Instructions for the task:
Below, find the line containing "Foi apreendido no"; from there to the final line, print every line exactly and skip the pictures.

[[ Stored data, beginning ]]

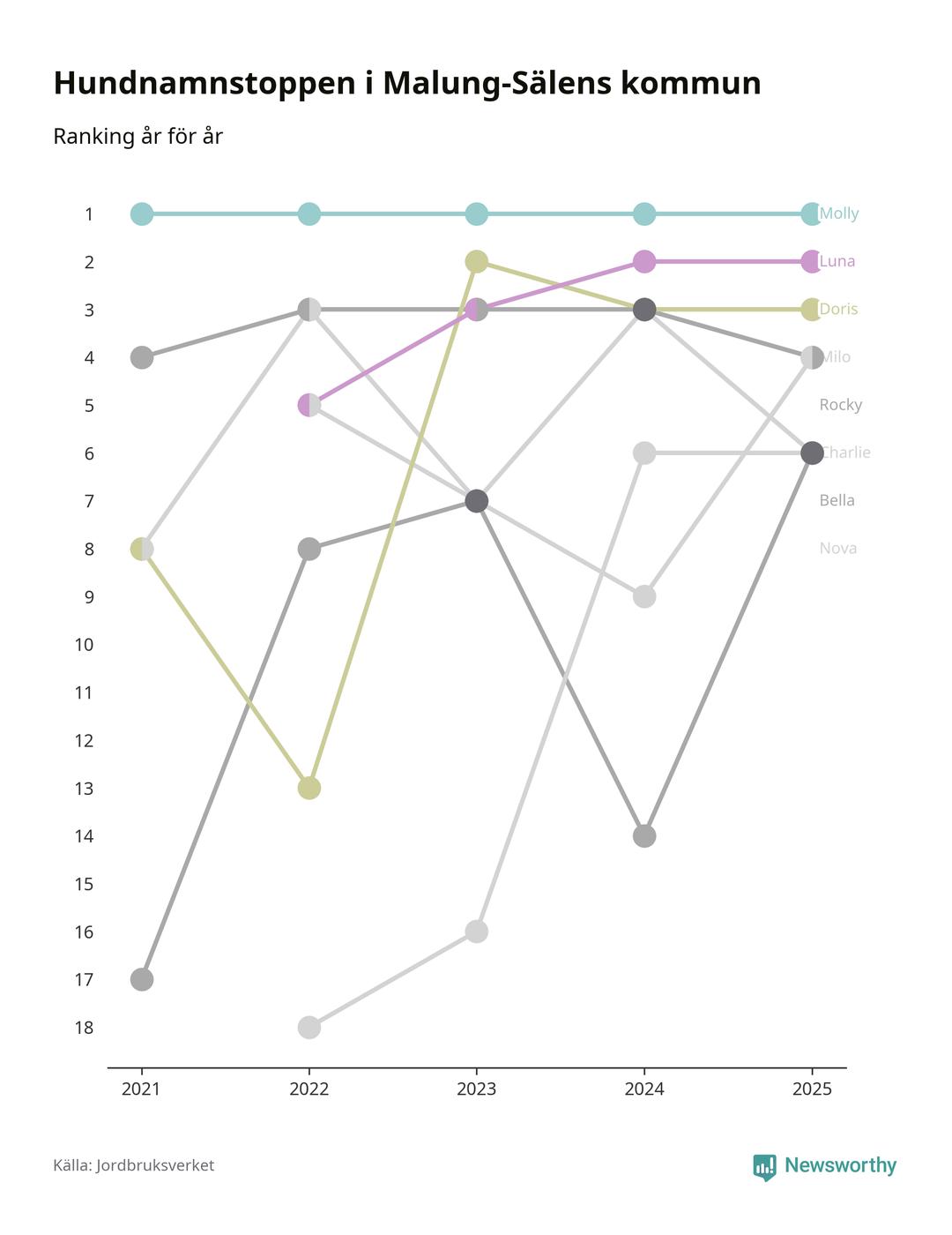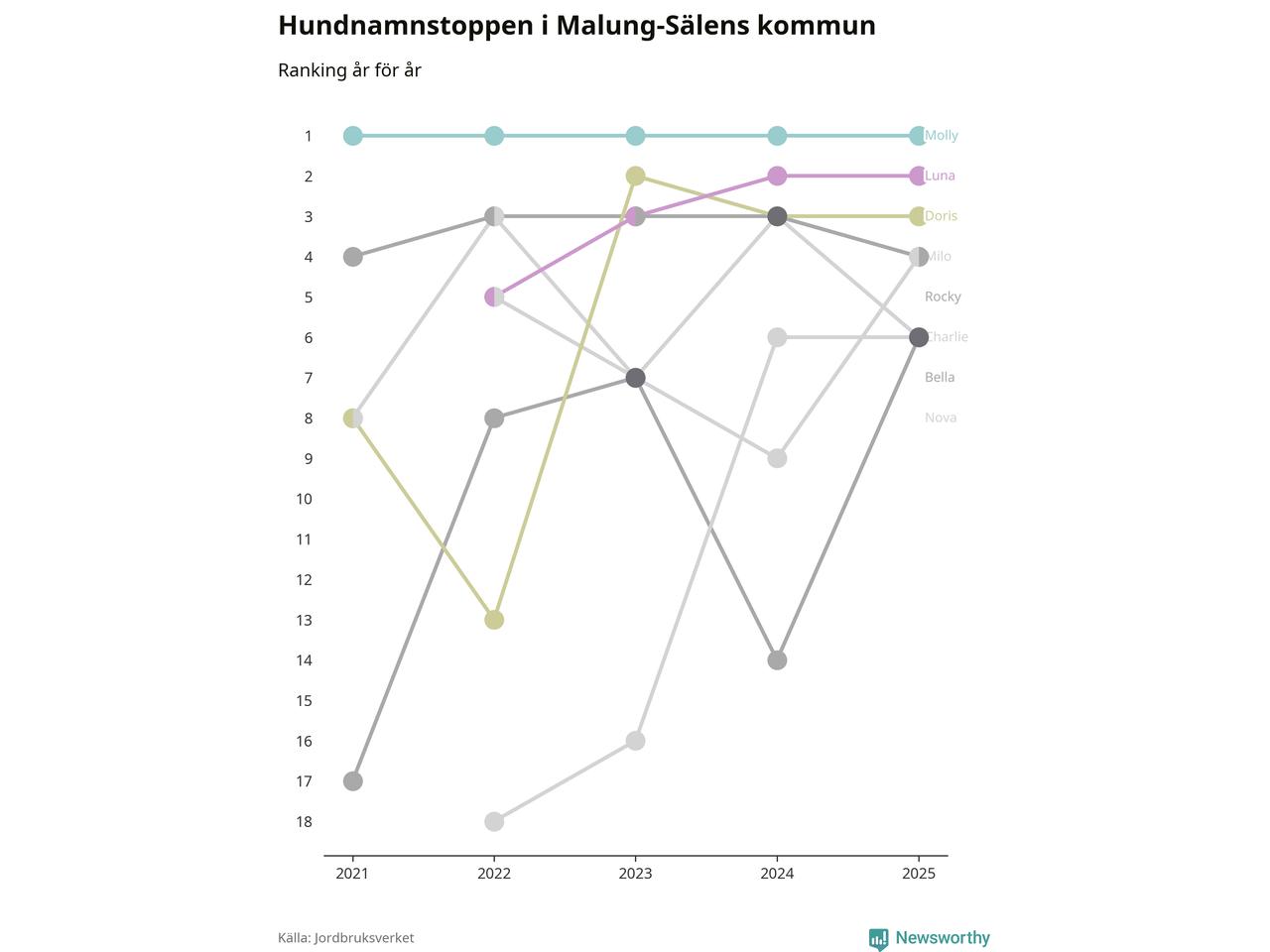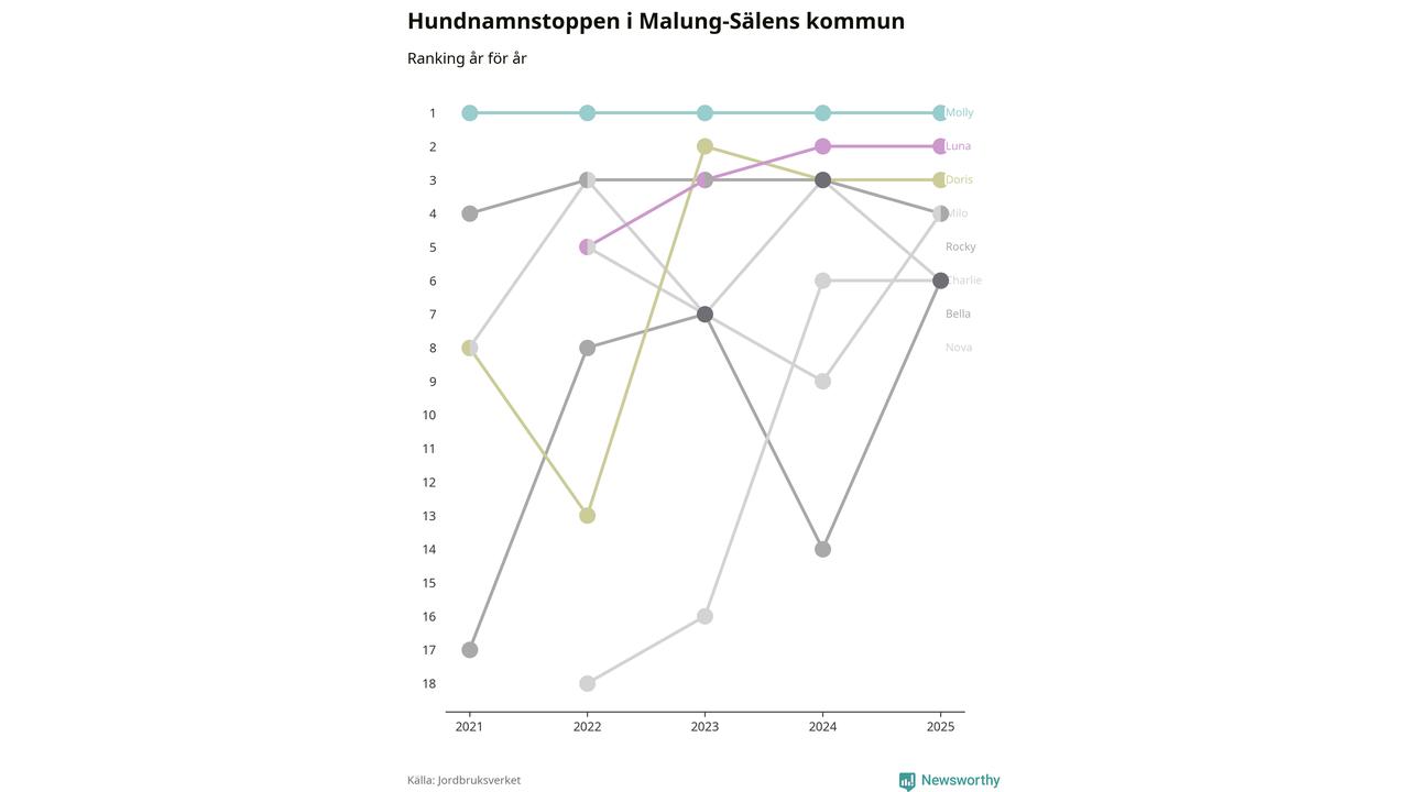 Molly toppar hundnamnsligan i Malung-Sälens kommun, precis som i landet som helhet. Det visar färsk statistik från Jordbruksverket. Här finns hela topplistan för kommunen.
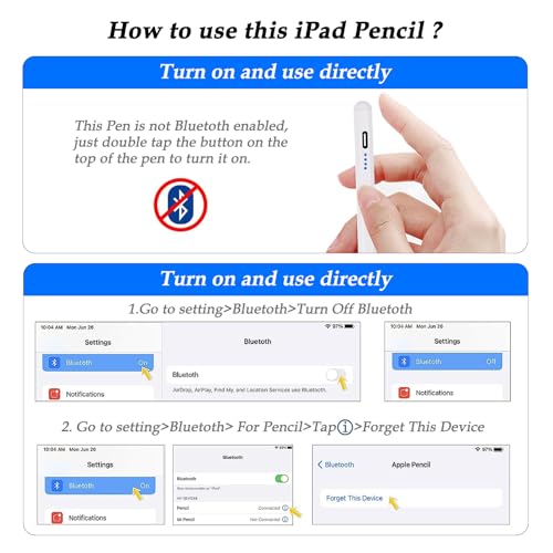 - 【إذا وجدت أنه لا يعمل بعد التشغيل】 يرجى إيقاف تشغيل البلوتوث أو إلغاء تفعيل القلم القديم: الإعدادات > البلوتوث > لقلم آبل > اضغط على "i" > انس هذا الجهاز
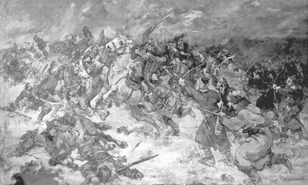 Н. С. Самокиш. Бой разинцев с правительственными войсками на реке Алатырь. 1936
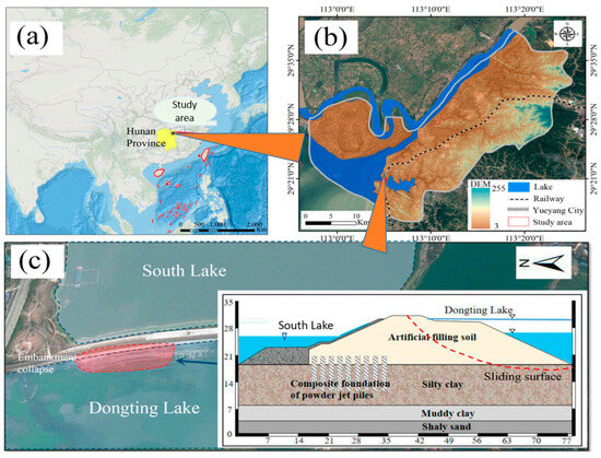 (a) Nanhu Embankment location map in Hunan province, China, (b) administrative boundaries map of Yueyang Study area location, and (c) location and cross-section of the embankment.
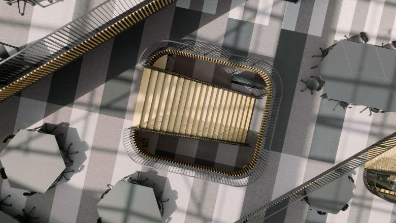 All storeys lead into the atrium and have open terraces where students can work on their projects. The atrium lends the building an open character with plenty of natural daylight. What we had in mind was a new public sphere serving as a theatrical space for major events and exhibitions on the ground floor and as tiered platforms where students from different disciplines will meet up. A place that fosters creativity and where people enjoy meeting up to show off their work and share their knowledge.
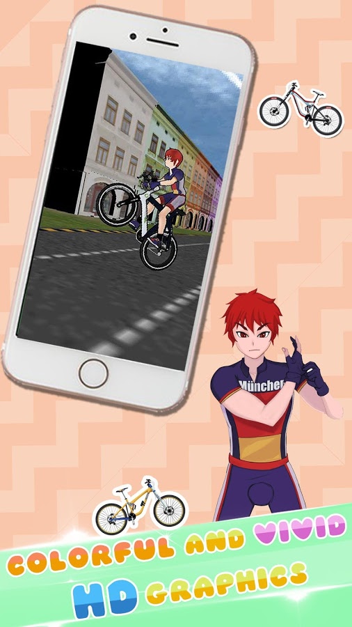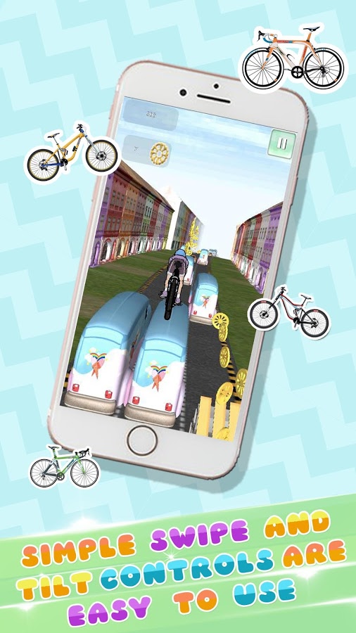 Feel the rush in the most exciting infinite play game yet! Choose from five stylish characters, jump on your bicycle and experience cutting edge 3D action as you ride through this adrenaline-fueled world. Enjoy the multiplayer feature and play with friends from all over the world! Execute tricks as you go to earn more points. The more you play the more you earn! Download now to start the adventure!
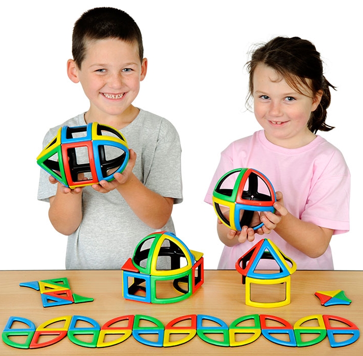 Ein großer Klassensatz-Set für das Bauen runder und gebogener geometrischer Formen, damit alle Kinder zeitgleich mit den Polydron-Formen arbeiten können. Mit der Magnethaftung sind die geometrischen Körper leicht schnell zu konstruieren und dann wieder aufzuklappen.
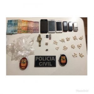 Foi apreendido no interior da residência do suspeito, no bairro Conjunto Esperança, uma grande quantidade de substância entorpecente 107 papelotes de crack e 1 papelote de maconha já prontos para a venda, uma quantidade de dinheiro em espécie (R$515,00), apetrechos utilizados para o tráfico (papelotes etc) e 06 aparelhos celulares.
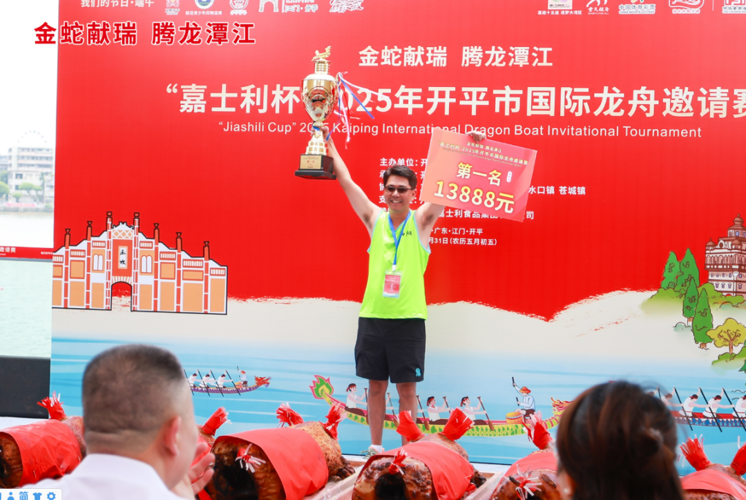 與往年的比賽相比,本屆賽事規(guī)模與國際化程度再創(chuàng)新高。參賽隊伍中,除開平本地強隊外,來自香港、澳門、廣州、新會、鶴山、臺山等粵港澳大灣區(qū)城市的龍舟隊也帶來了高水平的較量。新加坡、馬來西亞、加拿大、哈薩克斯坦等國際隊伍以及廣州航海學院“雙百行動”大學生龍舟隊的加入,更為賽事增添了濃厚的國際色彩和青春活力。

[[ Stored data, end ]]

Answer box:
 Foi apreendido no interior da residência do suspeito, no bairro Conjunto Esperança, uma grande quantidade de substância entorpecente 107 papelotes de crack e 1 papelote de maconha já prontos para a venda, uma quantidade de dinheiro em espécie (R$515,00), apetrechos utilizados para o tráfico (papelotes etc) e 06 aparelhos celulares.
 與往年的比賽相比,本屆賽事規(guī)模與國際化程度再創(chuàng)新高。參賽隊伍中,除開平本地強隊外,來自香港、澳門、廣州、新會、鶴山、臺山等粵港澳大灣區(qū)城市的龍舟隊也帶來了高水平的較量。新加坡、馬來西亞、加拿大、哈薩克斯坦等國際隊伍以及廣州航海學院“雙百行動”大學生龍舟隊的加入,更為賽事增添了濃厚的國際色彩和青春活力。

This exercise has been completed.